The person in charge emphasized that the factors that affect computing power are not only chips, but also innovations in system architecture, and collaborative innovations in hardware and basic software. At present, the explosive growth rate of computing power demand has far exceeded Moore’s Law. Simply relying on the improvement of computing power brought about by the advancement of chip technology can no longer meet the demand for computing power growth. It is necessary to innovate the architecture of the computing system, including from general computing to general-purpose computing. Computing plus heterogeneous computing’s diverse computing power innovation, as well as collaborative innovation from hardware to basic software to application enablement.
”In the intelligent era of the Internet of Everything, unstructured data accounts for an increasing proportion. The processing, processing, and transmission of data such as text, pictures, voice, and video require diverse computing to match. For example, CPU Processing big data, Web and other scenarios are very suitable, but for graphics and image processing, GPU is required to match; and graphics and image recognition, intelligent search and recommendation in daily life, etc., can use NPU based on AI computing (network Processor/Embedded Neural Network Processor) to deal with it.” The person in charge said.

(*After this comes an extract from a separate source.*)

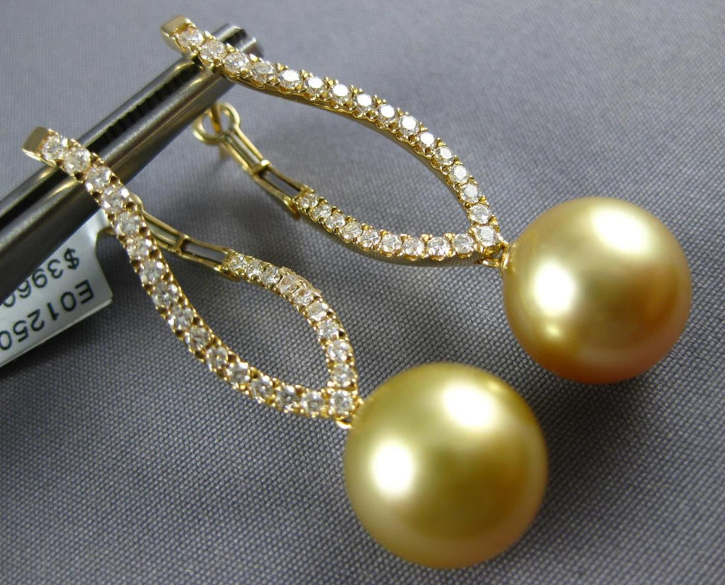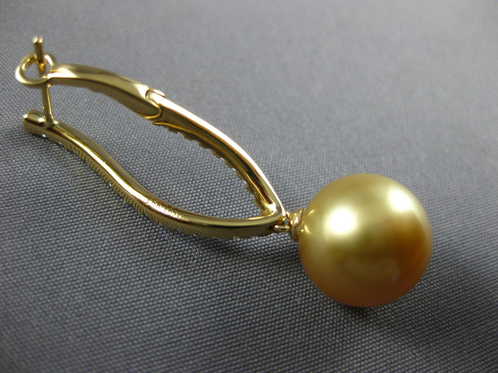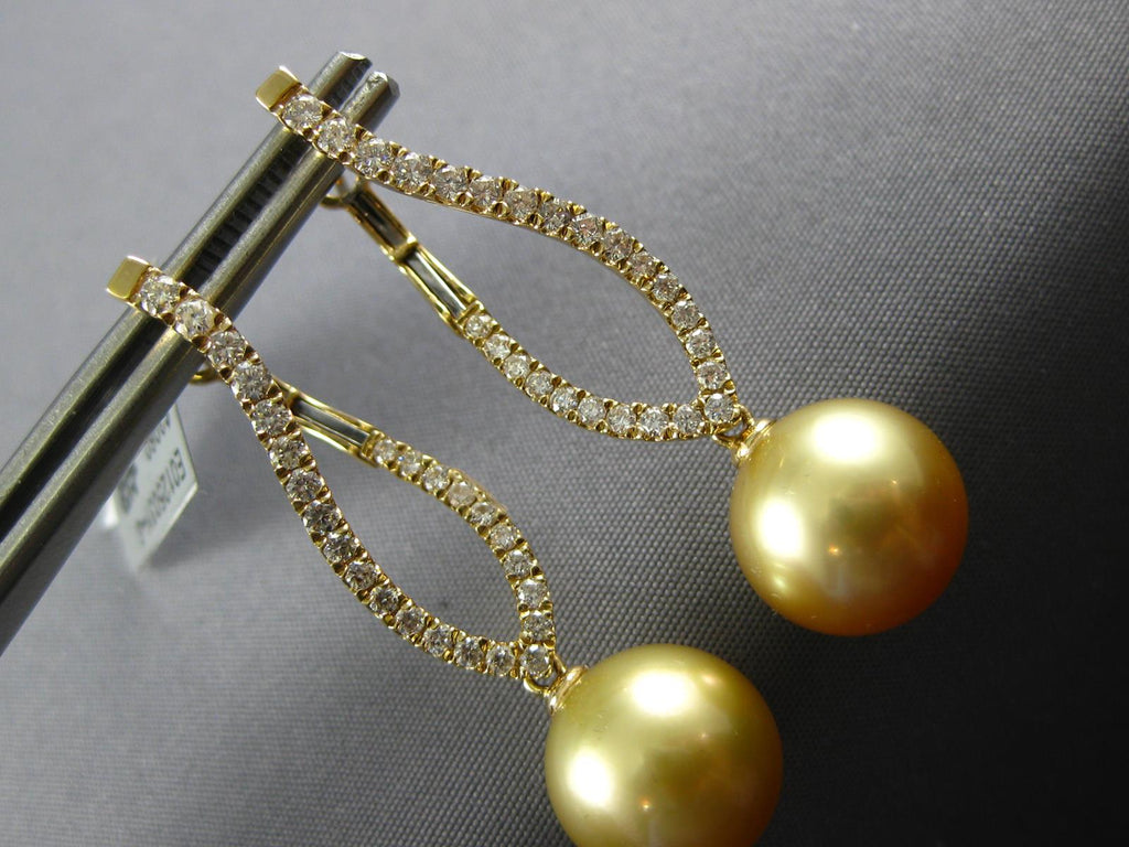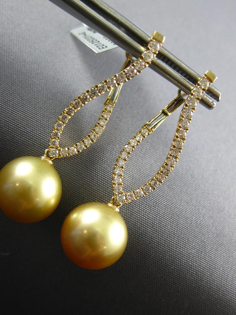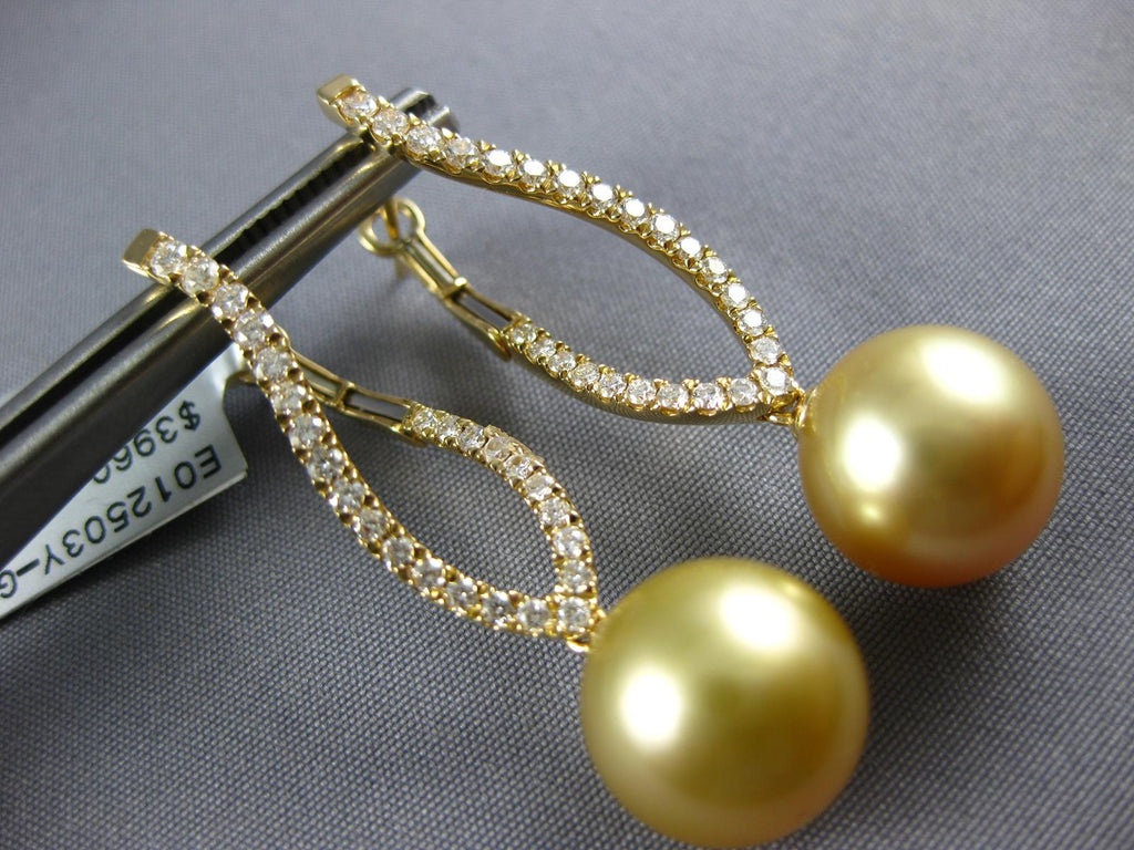 18KT YELLOW GOLD HANGING EARRINGS. 3D INFINITY DESIGN. DIAMONDS ARE F/G COLOR, VS CLARITY .70 CARATS. FEATURES AAA GOLDEN SOUTH SEA PEARL. MEASURES 35.5mm X 11.5mm. WRITTEN APPRAISAL AVAILABLE. COMES IN A PRESENTABLE GIFT BOX.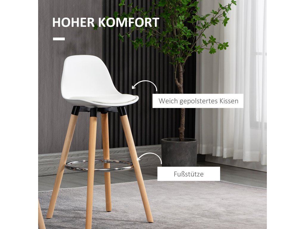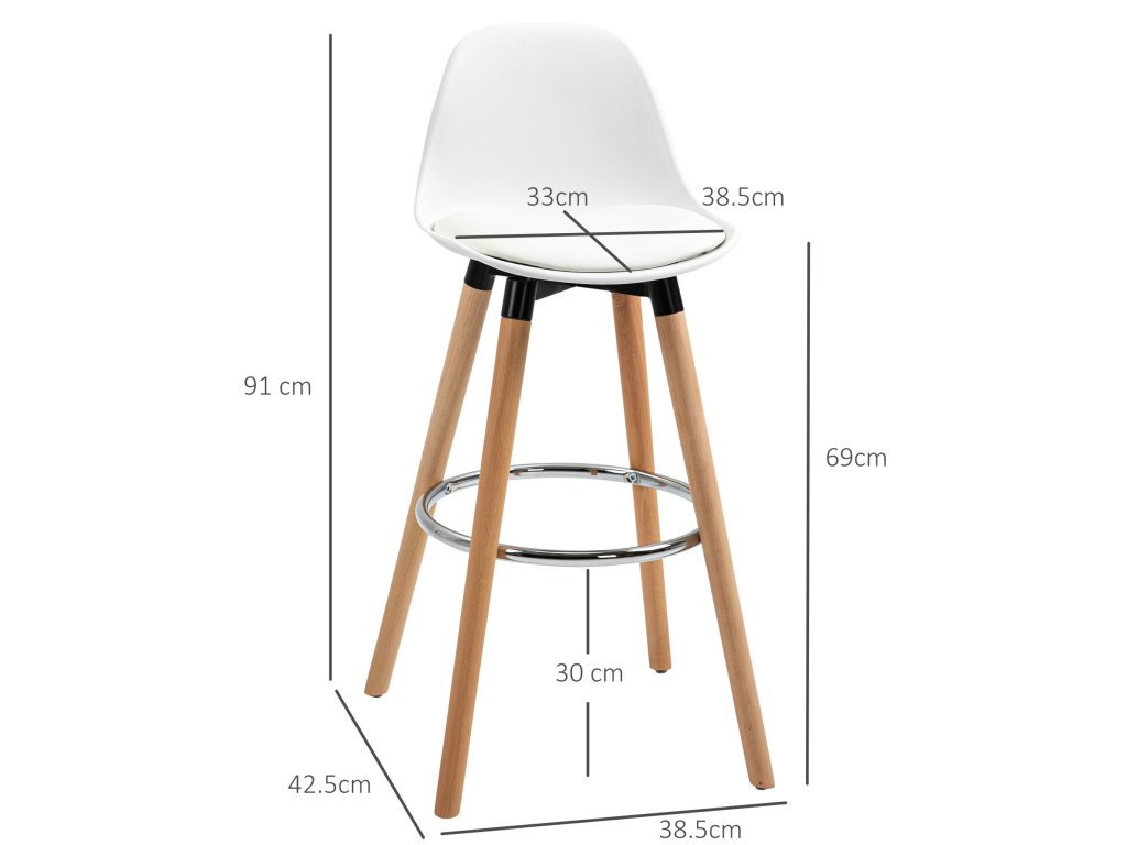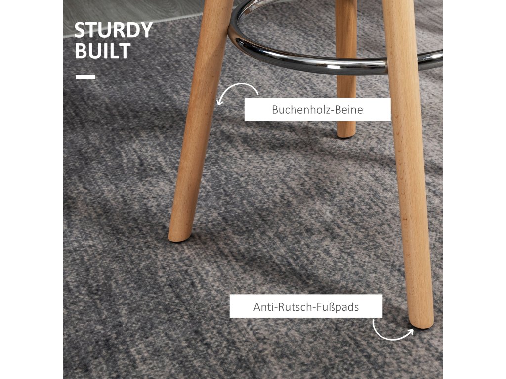 Skandinávský design a vysoká funkčnost charakterizují tuto sadu 2 barových židlí HOMCOM do kuchyně nebo jídelny. Barové stoličky jsou velmi stabilní, protože mají rám z masivního dřeva s protiskluzovou spodní stranou, která zajišťuje větší stabilitu a bezpečnost a zabraňuje jejich převrácení. Ocelové opěrky nohou zajišťují, že si nohy mohou odpočinout.

According to the person in charge, Huawei improves computing efficiency through architectural innovation. “For example, at the computing node level, Huawei launched a peer-to-peer architecture, which breaks through the performance bottleneck caused by traditional CPU-centric heterogeneous computing, and improves node performance by 30%; at the data center level, Huawei leverages cloud, The comprehensive advantages of computing, storage, network, and energy are equivalent to designing the AI data center as a supercomputer, making the Ascend AI cluster higher in performance and more reliable.”